3, 7, and 8 for me. No reason, just they speak to me the most.


----------



## elgar's ghost

Ay caramba - this is far more difficult than choosing my favourite DSCH symphonies so I'll have to think hard. The 15th is a very eerie work - listening to that and then the viola sonata straight after can be quite draining, it makes me feel as if I'm watching him slowly die.


----------



## Carpenoctem

No.8 is the most crazy String quartet I've ever heard(I mean that in a good way).

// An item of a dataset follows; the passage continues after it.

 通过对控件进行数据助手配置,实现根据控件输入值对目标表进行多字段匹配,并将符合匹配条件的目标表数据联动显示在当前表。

I also like No.3, No.5 and No.12 depending on my mood. But generally, this man sure knew how to write a good String quartet.


----------



## principe

It's unfair for such a great cycle of some of the highest peaks of the genre to have favourites. Of course, some have a special role to play in the audiences and they gain a certain popularity (e.g. 8th, 10th) or reputation (e.g. 12th, 14th or 15th).
The important issue is for a true music lover to comprehend and, eventually, enjoy the whole cycle. In some cases, some quartets might sound as a repetitive situation, but, actually, they are so different and beautiful and...great music too.

Principe


----------



## principe

It's unfair for such a great cycle of some of the highest peaks of the genre to have favourites. Of course, some have a special role to play in the audiences and they gain a certain popularity (e.g. 8th, 10th) or reputation (e.g. 12th, 14th or 15th).
The important issue is for a true music lover to comprehend and, eventually, enjoy the whole cycle. In some cases, some quartets might sound as a repetitive situation, but, actually, they are so different and beautiful and...great music too.

Principe


----------



## Art Rock

All of them. For me, the best cycle of string quartets.


----------



## violadude

I picked the 5th, 12th and 14th. The 9th is very good too but I would feel like I cheated if I picked 4 for some reason.

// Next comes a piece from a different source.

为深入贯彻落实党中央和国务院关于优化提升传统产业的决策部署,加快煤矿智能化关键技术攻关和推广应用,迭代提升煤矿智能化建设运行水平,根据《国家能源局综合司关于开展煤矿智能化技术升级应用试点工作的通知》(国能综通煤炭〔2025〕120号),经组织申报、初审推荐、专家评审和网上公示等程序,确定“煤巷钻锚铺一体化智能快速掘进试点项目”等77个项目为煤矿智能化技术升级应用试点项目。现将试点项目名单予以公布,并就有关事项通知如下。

I also love the devise he uses in both 6 and 10 (and less obviously in 3 I suppose) where the slow movement is a Passicaglia/Chaccone and then he brings the ground bass back as the climax theme of the last movement, combining it with other little themes in the movement.


----------



## kskdn

4th and 5th, personally. Coming from a rural area that's heavy on folk music, I've always had a sweet tooth for classical works with singable folk melodies woven in, and the 4th has such a wonderful opening theme that's a singable tune yet also sophisticated and developed. I think that, as a whole quartet, the 4th is my favorite. If I'm not mistaken, he wrote it on a country holiday when his spirits were up a bit.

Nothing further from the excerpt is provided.